Cross-sectional studies suggest that regular exercise has anti-inflammatory effects, leading to lower levels of several proatherogenic inflammatory markers. However, this has yet to be confirmed by randomized prospective trials. We performed a randomized controlled trial to assess whether exercise training decreases levels of 5 inflammatory markers linked to future cardiovascular risk: white blood cell count, fibrinogen, C-reactive protein, soluble intercellular adhesion molecule 1, and soluble CD40 ligand.

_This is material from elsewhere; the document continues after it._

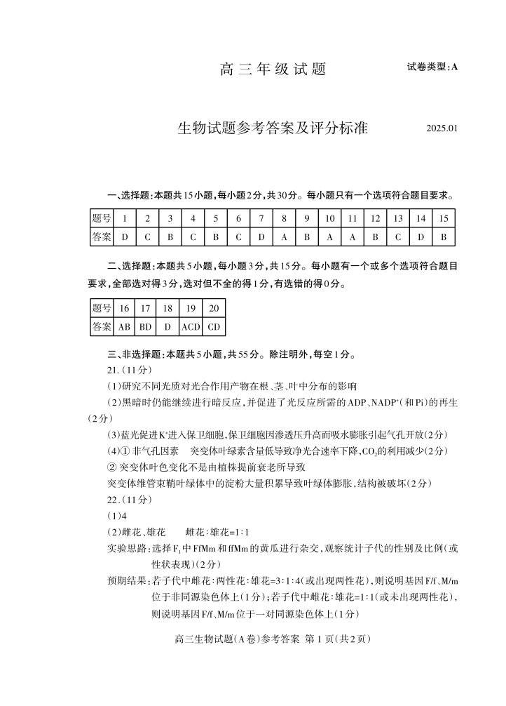 山东省泰安市2024-2025学年上学期1月高三期末考试生物答案

One hundred fifty-two healthy female smokers were randomized to either 12 weeks of exercise training or health education as part of a smoking cessation program. Smoking was held steady for the first 6 weeks, and thereafter, smoking cessation was actively attempted. One hundred four participants completed 6 weeks, and 88 completed 12 weeks. Fitness and circulating inflammatory marker levels were measured at baseline, 6 weeks, and 12 weeks. To avoid potential confounding from changes in smoking exposure during the second 6 weeks of the trial, the primary end point was change in inflammatory marker levels from baseline to 6 weeks. Change in inflammatory markers from baseline to 12 weeks was a secondary end point.

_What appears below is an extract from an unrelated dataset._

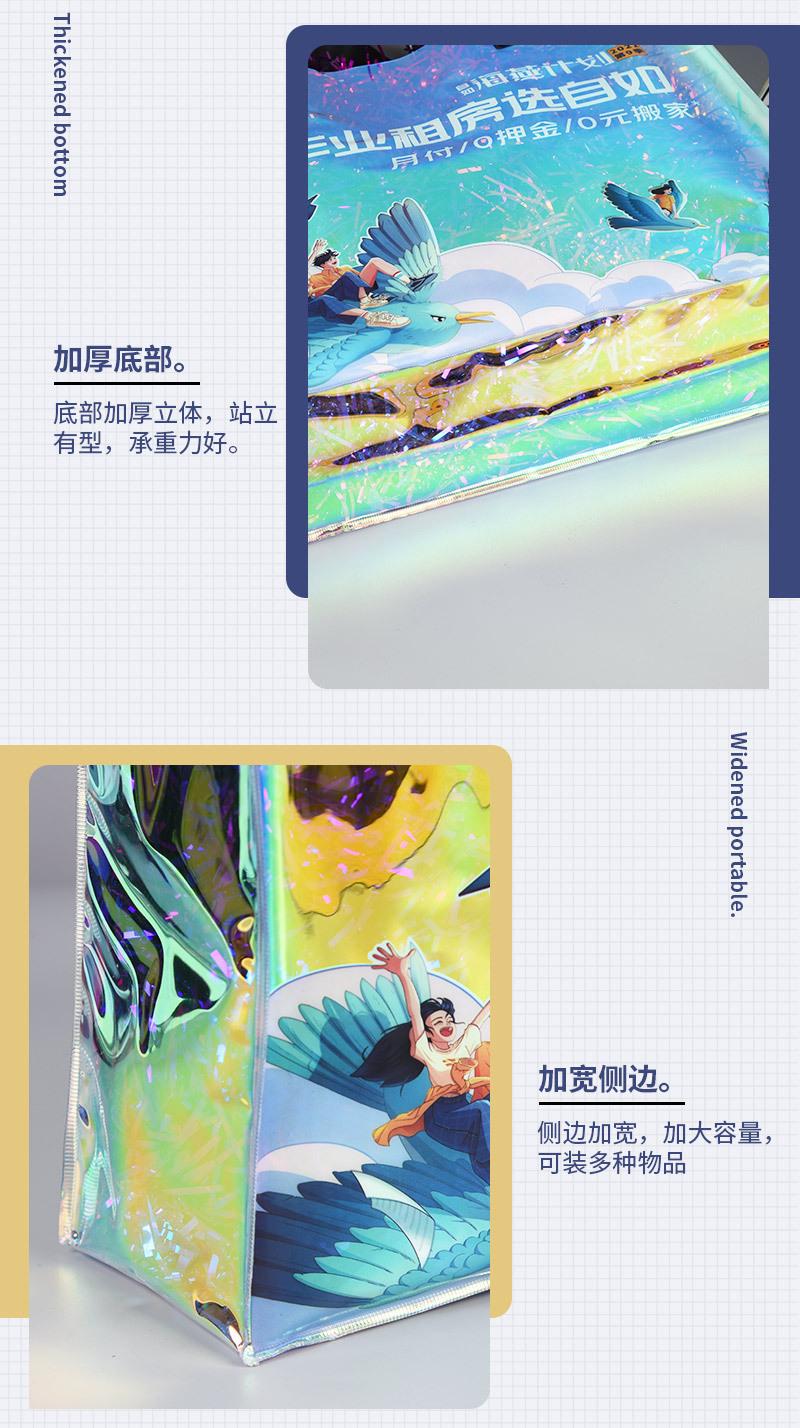 Los fabricantes suministran bolsas de regalo pequeñas, nuevas y de material impreso con dibujos animados en azul, esmerilado e imprimible.

At baseline, greater physical fitness was associated with lower white blood cell, fibrinogen, and C-reactive protein levels, but these associations were not statistically significant after adjusting for body mass index (P > .1 for all). Fitness improved significantly in the exercise group at both 6 and 12 weeks. However, there were no differences in levels of any inflammatory marker between the exercise and control groups at either 6 weeks (primary end point) or 12 weeks (secondary end point) (P > .05 for all comparisons).


In female smokers, baseline associations between fitness and inflammatory markers were largely attributable to differences in body fat; regular exercise did not reduce levels of any of the inflammatory markers studied despite a significant improvement in fitness at both 6 and 12 weeks.